▶ _EXERCISE AIM_
Begin your transcription at the line containing "Comutați dintr-o legănare" and continue it, word for word, to the final line below. Include only those lines and skip the pictures.

===== THE DATA =====

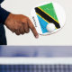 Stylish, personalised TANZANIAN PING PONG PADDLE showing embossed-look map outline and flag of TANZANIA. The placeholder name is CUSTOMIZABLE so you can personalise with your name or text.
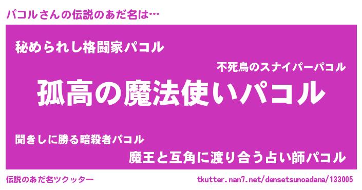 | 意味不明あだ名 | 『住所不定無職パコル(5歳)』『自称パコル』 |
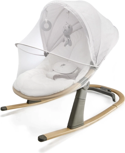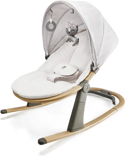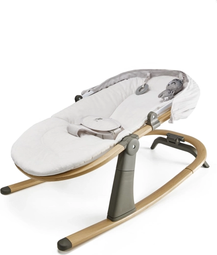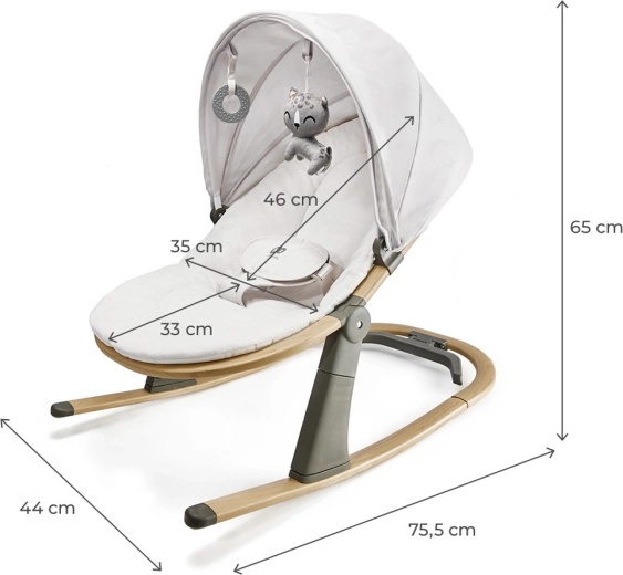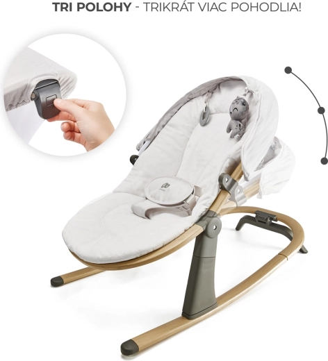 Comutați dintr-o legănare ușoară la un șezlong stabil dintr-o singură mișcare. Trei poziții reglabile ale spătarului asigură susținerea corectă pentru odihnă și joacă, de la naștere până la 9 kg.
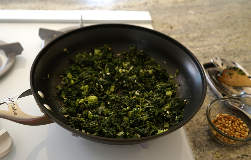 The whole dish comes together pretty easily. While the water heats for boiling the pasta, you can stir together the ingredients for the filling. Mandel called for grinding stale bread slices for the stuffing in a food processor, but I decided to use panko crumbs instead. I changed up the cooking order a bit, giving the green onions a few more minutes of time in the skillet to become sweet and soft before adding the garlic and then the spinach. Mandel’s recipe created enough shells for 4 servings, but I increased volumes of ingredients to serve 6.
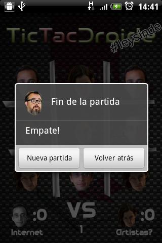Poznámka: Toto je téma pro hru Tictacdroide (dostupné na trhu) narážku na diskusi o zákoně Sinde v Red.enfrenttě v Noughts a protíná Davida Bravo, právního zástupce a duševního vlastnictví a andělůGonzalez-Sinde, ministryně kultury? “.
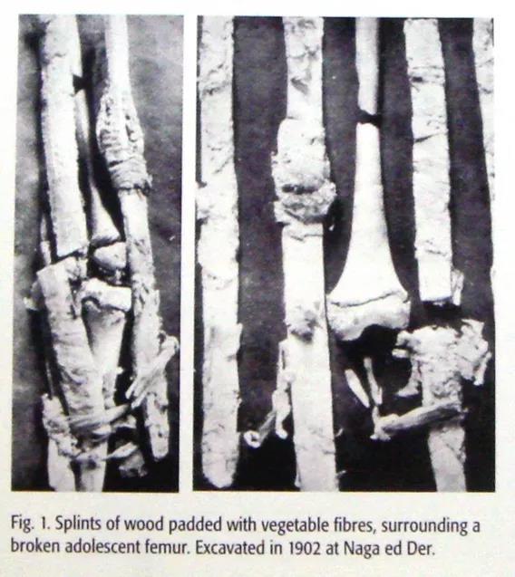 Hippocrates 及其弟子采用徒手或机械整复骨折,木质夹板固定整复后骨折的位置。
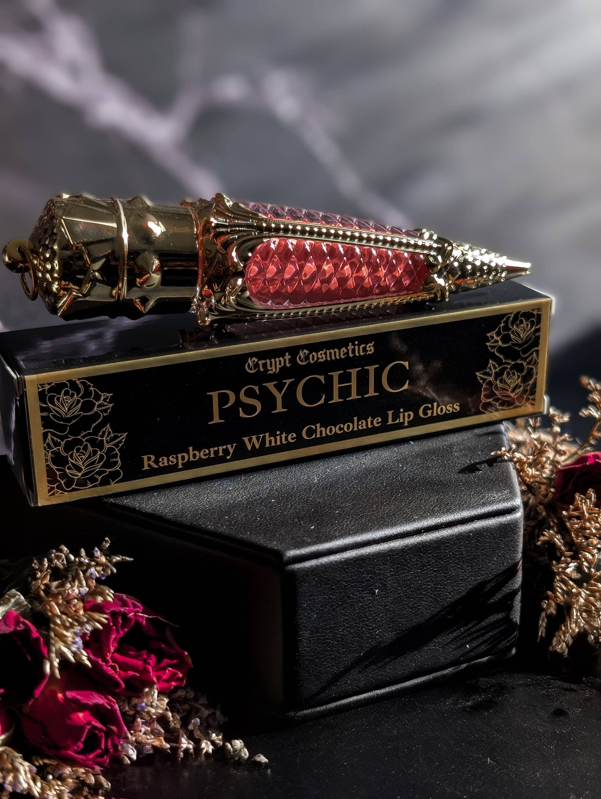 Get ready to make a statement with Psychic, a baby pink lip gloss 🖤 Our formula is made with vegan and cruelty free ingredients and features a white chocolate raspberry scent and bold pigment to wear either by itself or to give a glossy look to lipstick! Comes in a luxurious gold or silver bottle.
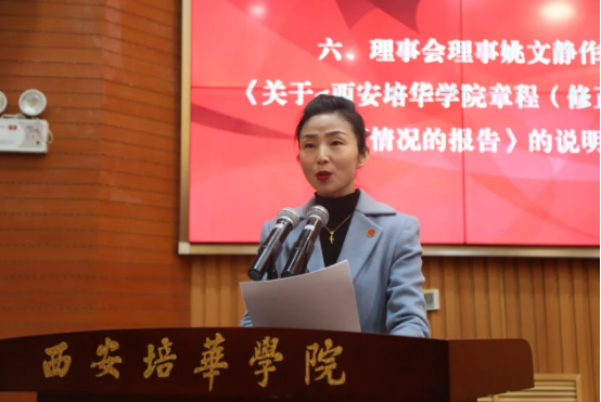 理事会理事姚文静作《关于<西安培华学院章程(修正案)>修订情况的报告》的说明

=====

▶ _TASK ANSWER_
 Comutați dintr-o legănare ușoară la un șezlong stabil dintr-o singură mișcare. Trei poziții reglabile ale spătarului asigură susținerea corectă pentru odihnă și joacă, de la naștere până la 9 kg.
 The whole dish comes together pretty easily. While the water heats for boiling the pasta, you can stir together the ingredients for the filling. Mandel called for grinding stale bread slices for the stuffing in a food processor, but I decided to use panko crumbs instead. I changed up the cooking order a bit, giving the green onions a few more minutes of time in the skillet to become sweet and soft before adding the garlic and then the spinach. Mandel’s recipe created enough shells for 4 servings, but I increased volumes of ingredients to serve 6.
Poznámka: Toto je téma pro hru Tictacdroide (dostupné na trhu) narážku na diskusi o zákoně Sinde v Red.enfrenttě v Noughts a protíná Davida Bravo, právního zástupce a duševního vlastnictví a andělůGonzalez-Sinde, ministryně kultury? “.
 Hippocrates 及其弟子采用徒手或机械整复骨折,木质夹板固定整复后骨折的位置。
 Get ready to make a statement with Psychic, a baby pink lip gloss 🖤 Our formula is made with vegan and cruelty free ingredients and features a white chocolate raspberry scent and bold pigment to wear either by itself or to give a glossy look to lipstick! Comes in a luxurious gold or silver bottle.
 理事会理事姚文静作《关于<西安培华学院章程(修正案)>修订情况的报告》的说明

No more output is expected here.